What you should do:
In the records below, find the line that contains "4. ADJUSTABLE FOCUS: It". Retype that line and all the lines after it through the end, leaving out the pictures.

=====

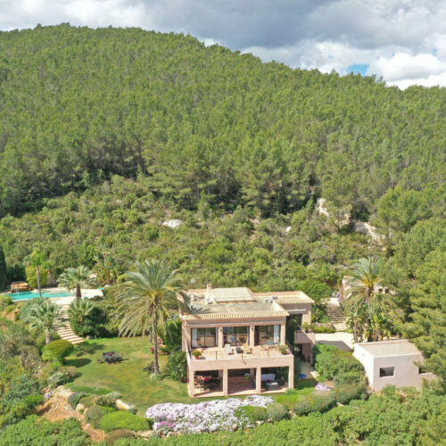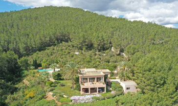 There are two houses on this plot totalling 410 m2 of living space plus a 50 m2 covered entrance hall over two floors. A total of 5 bedrooms, 5 bathrooms. Each bedroom has its own private terrace. First class construction quality, handmade terracota tiles in all rooms, antique marble in the bathrooms. All rooms have hot/cold air conditioning and underfloor heating. Plot up to the top of the mountain 35,000 m2 with many old natural stone terraces.
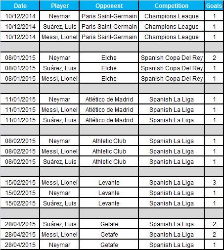 Lionel Messi, Luis Suarez and Neymar have scored 102 goals between them in 52 games for Barcelona this season.
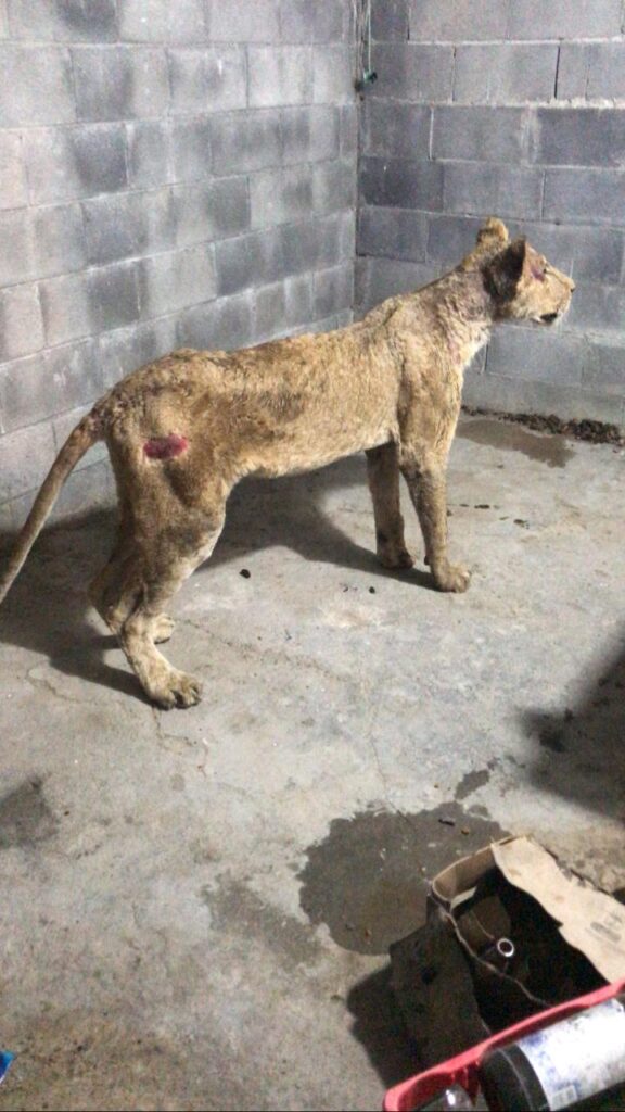 Agencias / La Voz de Michoacán Monterrey, Nuevo León. Habitantes del municipio de Ciénega de Flores reportaron a las autoridades policiacas y de emergencia el haber visto en el patio de un domicilio abandonado a una leona, por lo que de inmediato el lugar se llenó de patrulleros y de personal de Protección Civil, debido a que en los últimos días se han dado encuentros entre residentes y paseantes con osos en el municipio de San Pedro, en el área sur de la zona metropolitana, aledaña a la meseta de Chipinque de la Sierra Madre Oriental. El acontecimiento se registró este jueves por la mañana, cuando agentes policiacos y de emergencia de Nuevo León fueron turnados para que se trasladaran a una casa deshabitada de la colonia Valle de las Lomas, entre las calles de Lirio y Azucena del municipio de Ciénega de Flores, al norte de la zona metropolitana, donde fue observado el animal adulto, que andaba suelto en el patio del citado domicilio. Foto: Twitter. Al llegar se detectó que el felino se encontraba con avanzado estado de desnutrición y por el momento se desconoce cómo fue que llegó a dicho lugar. Foto: Twitter. Protección Civil dio parte del hecho a la dirección de Parques y Vida Silvestre del gobierno estatal para que procedan al resguardo del animal, lo pongan a salvo y decidan lo conducente. Foto: Twitter. Por lo pronto, personal del municipio se hizo cargo del animal para eliminar riesgos a la población.
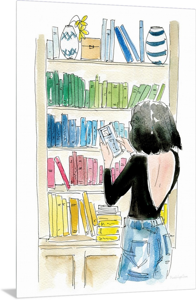 Art Mercedes Lopez Charro College Dorm Decor Contemporary Art Multicolor Wall Art Painting People Reading and Literature Watercolor
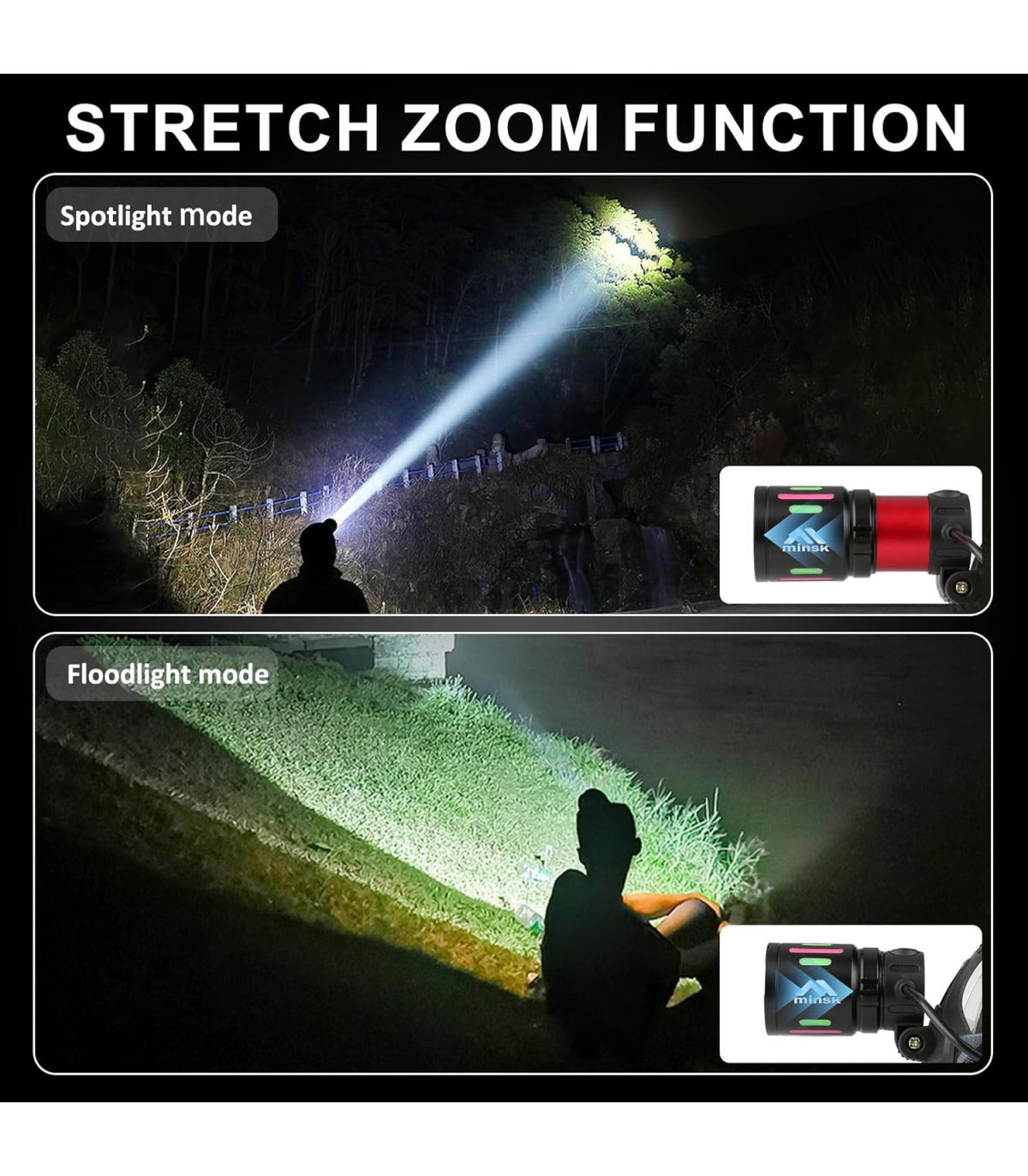 4. ADJUSTABLE FOCUS: It can be used as spotlight for long range observation when zoom out, and floodlight for large area illumination when zoom in by pulling the flashlight head.
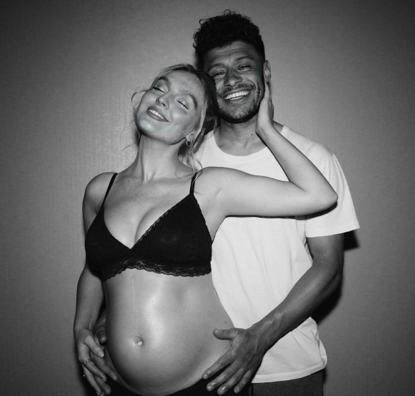 체임벌린은 12일 자신의 SNS에 여자친구 페리 에드워즈(28)와 찍은 사진을 올렸다. 에드워즈는 임신으로 만삭이 된 배를 그대로 드러냈다.
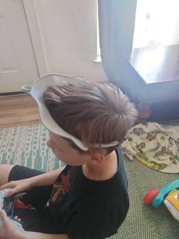 Bought for my baby as he likes to sit now in the bath and it’s hard to not get water in his ears, it fits well but kind of difficult to maneuver. Wouldn’t really recommend.
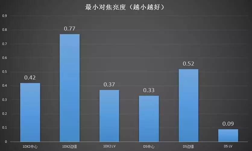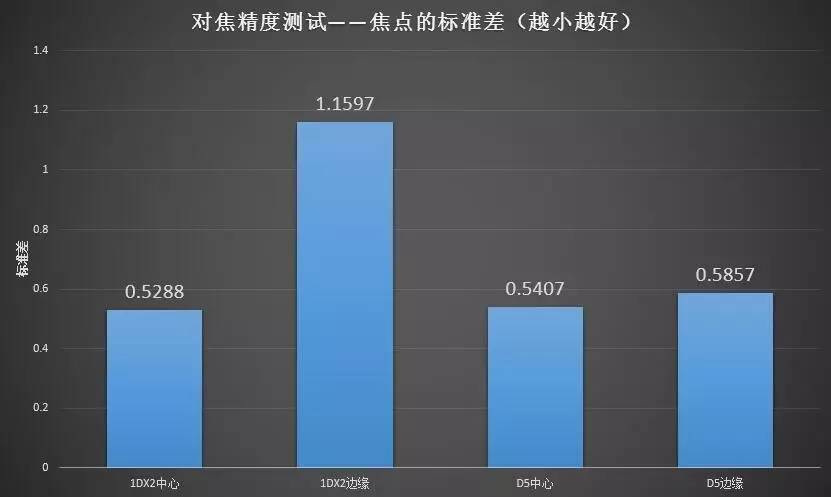 1DX2的中心对焦点表现优秀(所谓的双十字对焦点稳如狗?)但是边缘表现实在是有点糟,不光标准差达到了1.1597,位置的极差也是最大的,达到了±3(D5最多只有±1.6)。而D5的新对焦模块虽然极限表现不如1DX2,但是胜在稳定,大光圈镜头搭配边缘对焦点依然有着很不错的可用性。
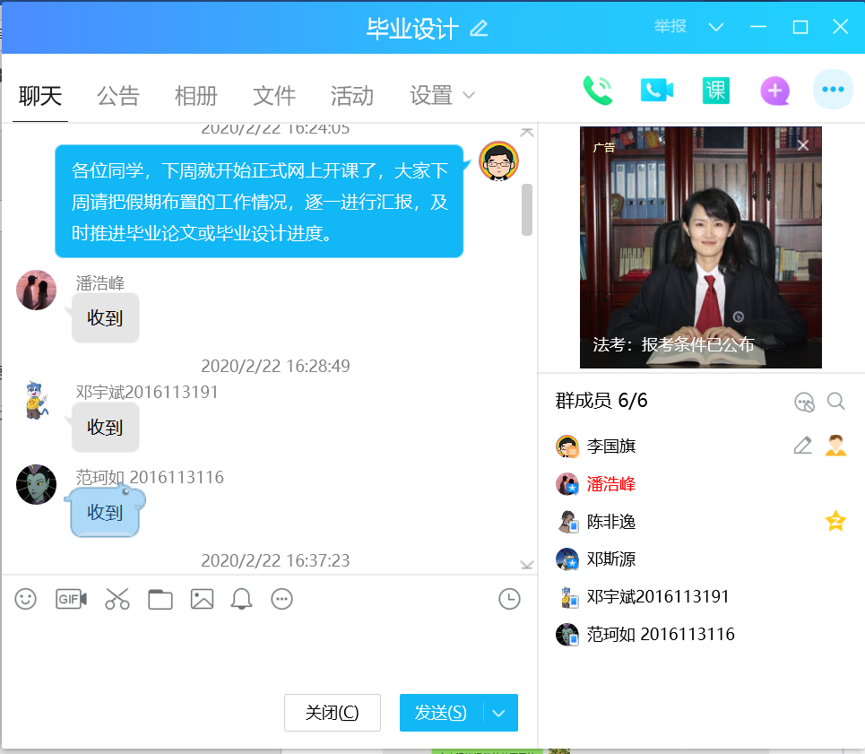 针对疫情带来的文献资料和数据收集难,特别是现场调研无法开展对科研类、实践类、工程设计类选题带来的影响,指导教师及时采取更换选题、适当调整设计内容、变更技术路线、提供历史资料数据等措施,保证背景材料与数据的支撑,确保设计与论文的开展。全体指导教师采取每周定时指导、小组在线会议、线上一对一指导等多种形式,实现选题员工的日常指导100%全覆盖,指导教师每周人均投入指导时间大大超过往届。例如:突如其来的疫情让家处武汉的物流工程毕业班员工张雅睿同学对毕业论文能否顺利完成产生了担忧。指导教师王坤副教授,首先经过微信交谈进行心理安抚,增强了该员工的信心,随后有针对性地建立了包括在线交流沟通、进展情况记录、资源分享等内容的论文指导工作机制,确保了该员工以及本组所有同学的毕业设计(论文)的进度和质量。

=====

Task output:
 4. ADJUSTABLE FOCUS: It can be used as spotlight for long range observation when zoom out, and floodlight for large area illumination when zoom in by pulling the flashlight head.
 체임벌린은 12일 자신의 SNS에 여자친구 페리 에드워즈(28)와 찍은 사진을 올렸다. 에드워즈는 임신으로 만삭이 된 배를 그대로 드러냈다.
 Bought for my baby as he likes to sit now in the bath and it’s hard to not get water in his ears, it fits well but kind of difficult to maneuver. Wouldn’t really recommend.
 1DX2的中心对焦点表现优秀(所谓的双十字对焦点稳如狗?)但是边缘表现实在是有点糟,不光标准差达到了1.1597,位置的极差也是最大的,达到了±3(D5最多只有±1.6)。而D5的新对焦模块虽然极限表现不如1DX2,但是胜在稳定,大光圈镜头搭配边缘对焦点依然有着很不错的可用性。
 针对疫情带来的文献资料和数据收集难,特别是现场调研无法开展对科研类、实践类、工程设计类选题带来的影响,指导教师及时采取更换选题、适当调整设计内容、变更技术路线、提供历史资料数据等措施,保证背景材料与数据的支撑,确保设计与论文的开展。全体指导教师采取每周定时指导、小组在线会议、线上一对一指导等多种形式,实现选题员工的日常指导100%全覆盖,指导教师每周人均投入指导时间大大超过往届。例如:突如其来的疫情让家处武汉的物流工程毕业班员工张雅睿同学对毕业论文能否顺利完成产生了担忧。指导教师王坤副教授,首先经过微信交谈进行心理安抚,增强了该员工的信心,随后有针对性地建立了包括在线交流沟通、进展情况记录、资源分享等内容的论文指导工作机制,确保了该员工以及本组所有同学的毕业设计(论文)的进度和质量。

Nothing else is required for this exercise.